On a cruise vacation a few years ago, my wife and I visited the Island of Gozo, part of Malta, where we toured the Ggantija Temples dating back to 3600 BC.  This makes them older than the pyramids of Egypt and Stonehenge in England.  Eighteen hundred years before Abraham, these ancient ruins reveal the human heart attempting to acknowledge a cause, force, or person larger than itself to explain our existence.  

The psalmist announces, “The heavens declare the glory of God; the skies proclaim the work of his hands.

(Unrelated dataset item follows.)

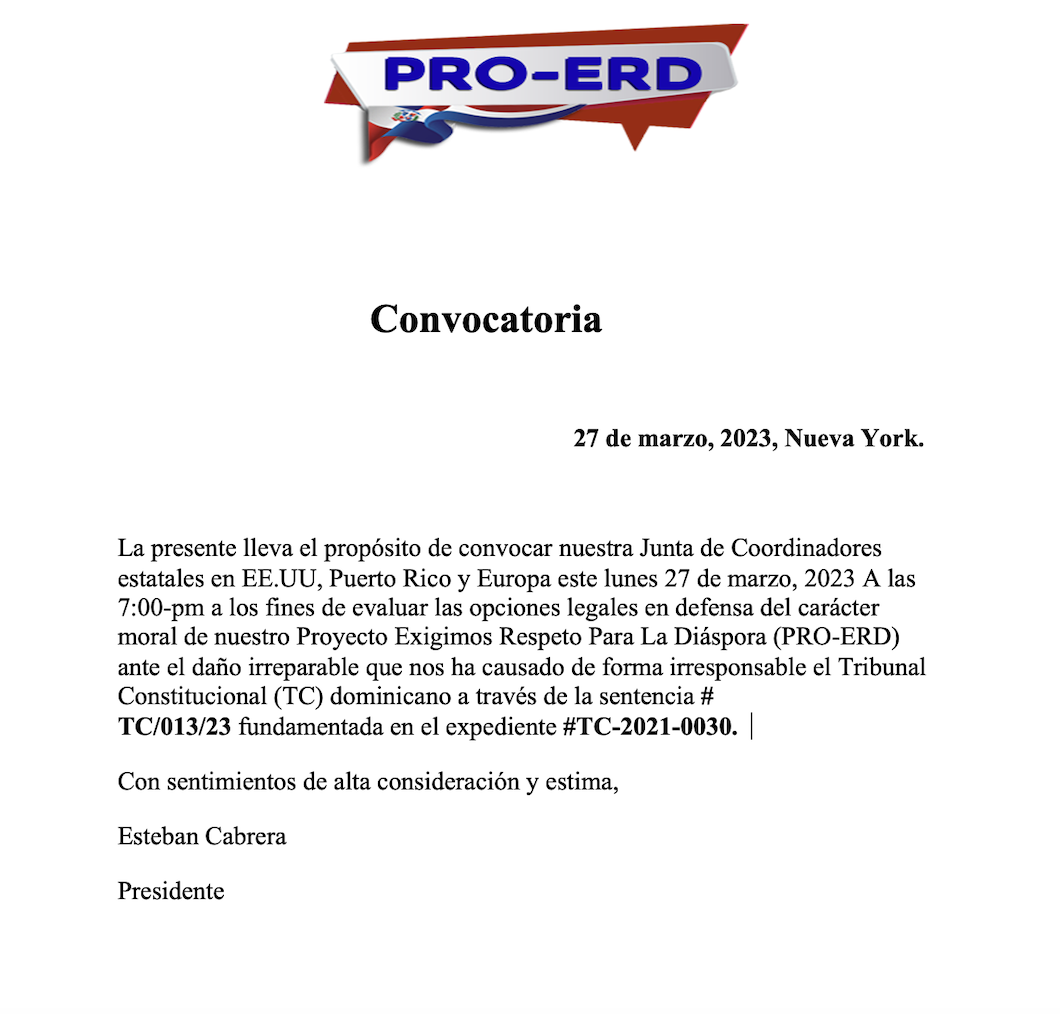 En dicha sentencia, el TC mencionó al Proyecto Exigimos Respeto para la Diáspora (PRO-ERD) de forma reiterada y presentándolo como una entidad de naturaleza proselitista o una organización, partido o movimiento político, causando un severo daño al buen nombre de (PRO-ERD), que lejos de ser una entidad política; su naturaleza es caritativa, registrada en el estado de Pennsylvania, bajo el tipo de registro de “Corporación Nacional sin fines de lucro, bajo el registro ID: 0003640218. Con sus artículos de incorporación: sin fines de lucro. De fecha 02/08/2023.

Day after day they pour fourth speech; night after night they display knowledge. (Psalm 19:1-2)

God created us with a desire to seek him.  It is part of our DNA.  Intuitively, we know that there is something more than ourselves to explain all that we observe in the world in which we live.  

God demonstrated his great love for us by becoming one of us in the person of Jesus, in order to bring his presence into the world in a very visible way at a specific time in history.  Jesus demonstrated his great love for us by sacrificing his life to free us from the grip of sin and Satan’s power over the world.  By the resurrection of Jesus, God confirmed the saving nature and power of that sacrifice. 

In contrast to the people of the ancient world, we are blessed to have the benefit of God’s revelation through the prophets, scripture, the words of Jesus and the teaching of the Church over many centuries.

God’s plan for creation is to dwell in us, his human creatures, who were the last act in his creation.  He accomplishes this through his son, Jesus Christ, so that we, with the power of the Holy Spirit, can partner with God in bringing his presence to the people and circumstances of our lives.

God never stops reaching out to us.  Like the Father of the prodigal son, he is always waiting to receive us. (Luke 15:11-32)  Even when we have turned away from him, he is still seeking us.  Like the shepherd who leaves the ninety-nine in search of the one lost sheep, God never stops loving us. (Luke 15:1-11)

We are incomplete without God in our life. No matter the knowledge we have gained, the success we have achieved, the fame we have experienced, the wealth we have accumulated, the friends we have made, we are not complete and will not be satisfied until we ask the God of all creation to dwell in us. 

Forgive me, Lord, for the times I have excluded you from the core of my life.  Come, dwell in my heart. 

“Seek the Lord while he may be found; call on him while he is near.” (Is. 55:6)

Do you have a sense that there is more to life than what you are experiencing?